Google adds P2P payments option to Gmail Android app

Google adds P2P payments
Google adds P2P payments option to its Gmail Android app joining a crowded market.

Google adds P2P payments option to Gmail Android app as it targets the growing mobile P2P money transfer market

Google adds P2P payments announcing that Gmail users in the US can now send and receive money via the Gmail app on their Android devices. The ability to send money via Gmail has been available since 2013, but only through the desktop version of Gmail.

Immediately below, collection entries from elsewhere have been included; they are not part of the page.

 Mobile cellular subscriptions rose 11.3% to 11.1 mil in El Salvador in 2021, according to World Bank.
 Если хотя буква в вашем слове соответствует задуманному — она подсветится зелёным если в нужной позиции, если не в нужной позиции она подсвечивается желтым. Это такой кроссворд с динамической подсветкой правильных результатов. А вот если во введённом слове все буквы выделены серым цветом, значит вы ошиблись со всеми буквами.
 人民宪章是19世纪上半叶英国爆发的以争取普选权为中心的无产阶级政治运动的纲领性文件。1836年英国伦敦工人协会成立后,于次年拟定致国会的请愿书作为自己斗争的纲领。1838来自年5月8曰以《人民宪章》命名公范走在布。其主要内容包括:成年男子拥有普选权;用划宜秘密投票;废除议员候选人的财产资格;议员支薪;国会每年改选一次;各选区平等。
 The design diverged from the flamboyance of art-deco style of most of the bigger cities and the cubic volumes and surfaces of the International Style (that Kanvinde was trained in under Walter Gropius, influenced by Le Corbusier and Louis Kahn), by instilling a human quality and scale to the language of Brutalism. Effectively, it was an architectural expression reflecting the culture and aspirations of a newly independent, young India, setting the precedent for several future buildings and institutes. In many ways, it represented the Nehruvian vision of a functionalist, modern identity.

To send money via the Gmail Android app, users simply tap on the attachment icon and choose whether they want to send or request money. Recipients can receive or request money from the email itself, or arrange for money to go directly into their bank account, without having to install another payment app. The transfer function is free, and recipients don’t have to have a Gmail account.

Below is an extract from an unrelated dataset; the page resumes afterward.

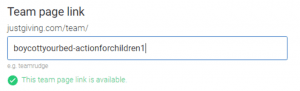 ‘Team page link’ – Input your Team page link using the format BoycottyourBed2021-Companyname. For example: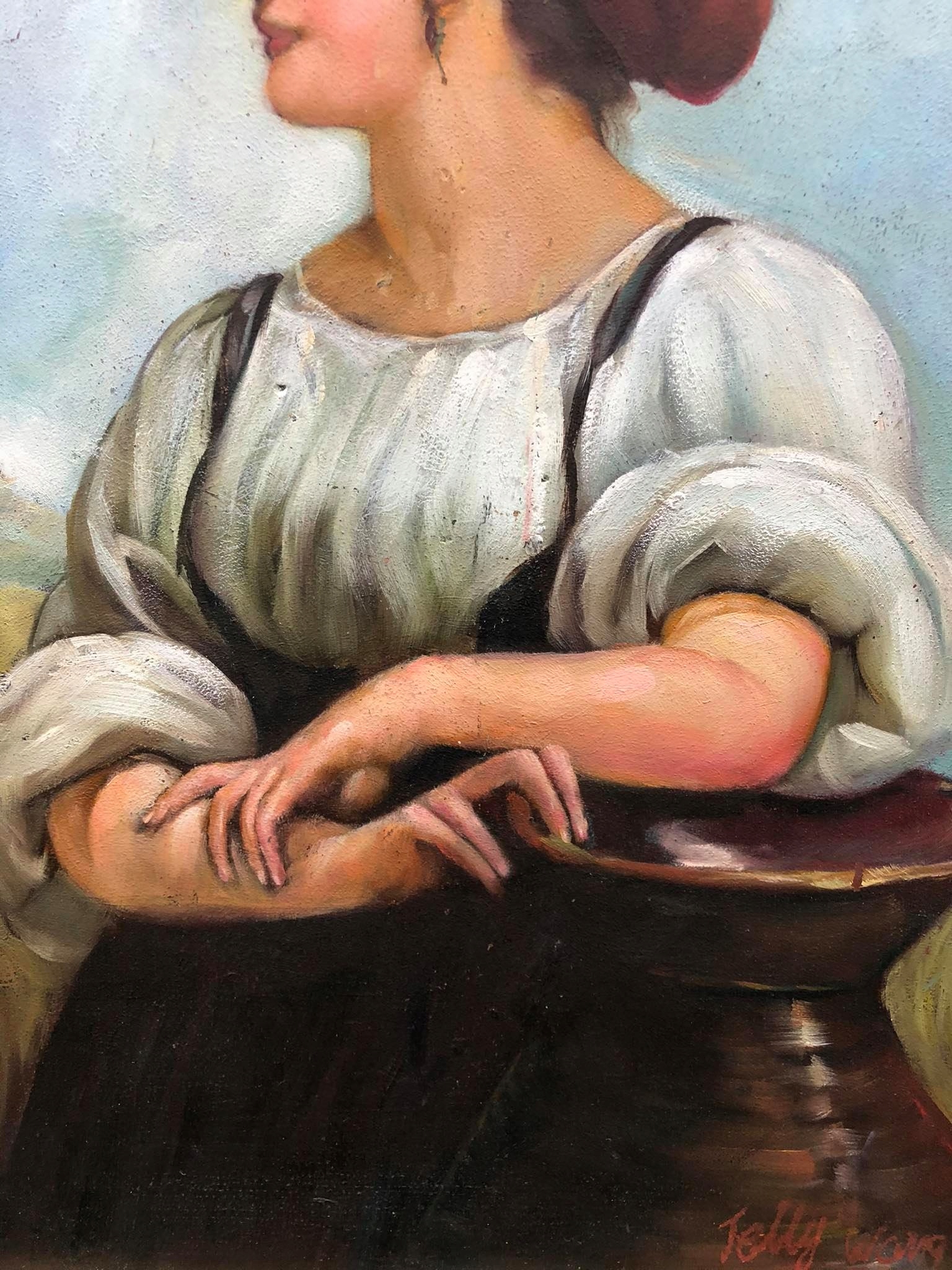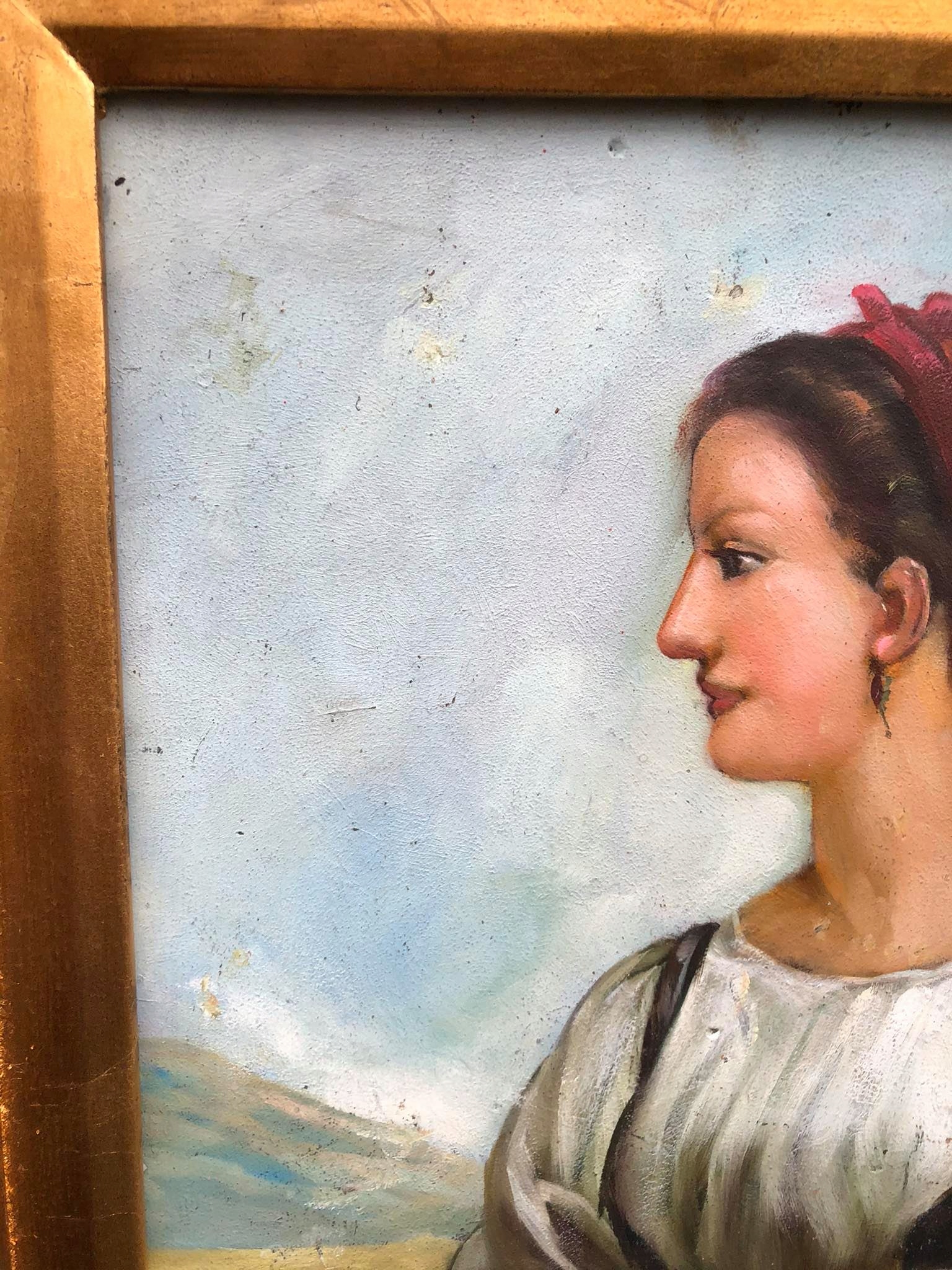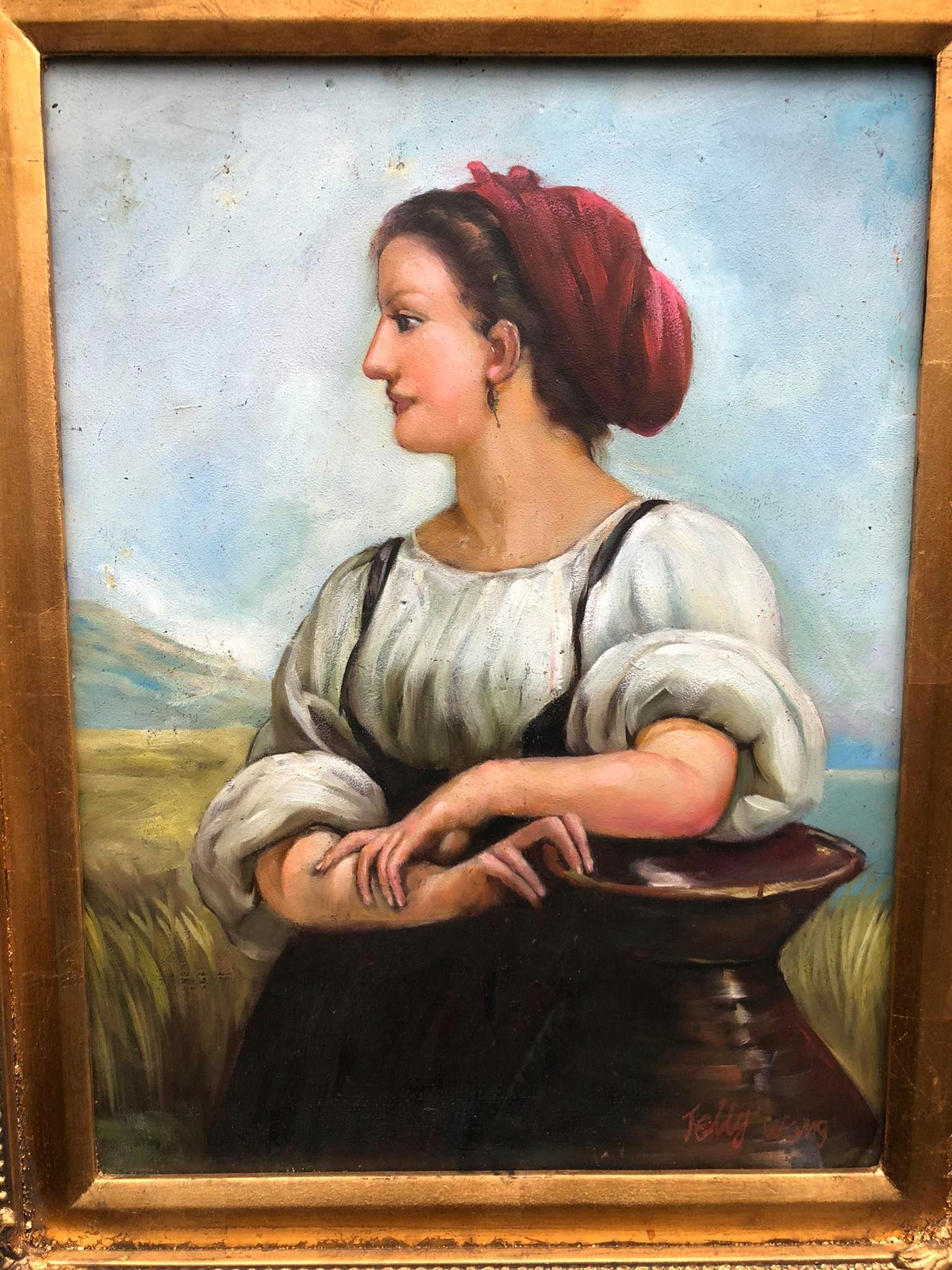КАРТИНА ЖІНКИ З ГЛЕКОМ, ЗОЛОТА РАМА 57,5/47,5 см

As Google adds P2P payments option to its Gmail Android app, it joins a crowded market. New dedicated P2P providers, social media platforms and technology companies have entered the mobile P2P transfer market at a rapid pace. Market leader Venmo leads the pack, processing $17.6 billion in P2P payments in 2016, a 135 percent increase from 2015.

Social media giants like Facebook and Snapchat have also entered the market, along with the world’s most recognized technology companies. Apple, for example, is now investigating how it could enable hundreds of millions of iPhone users to perform P2P payment transactions through its iMessage service.

Overall, with many new competitors entering the market supported by vast and well- established millennial user bases, banks have started feeling the pressure and begun to fight back. Nineteen banks, including Bank of America Corp, Capital One Financial Corp, JPMorgan Chase, US Bancorp and Wells Fargo have teamed up to make Zelle, a P2P payment feature that integrates into banking apps. Zelle lets users instantly send and receive P2P money transfers using the existing contacts on their mobile device, regardless of where they bank.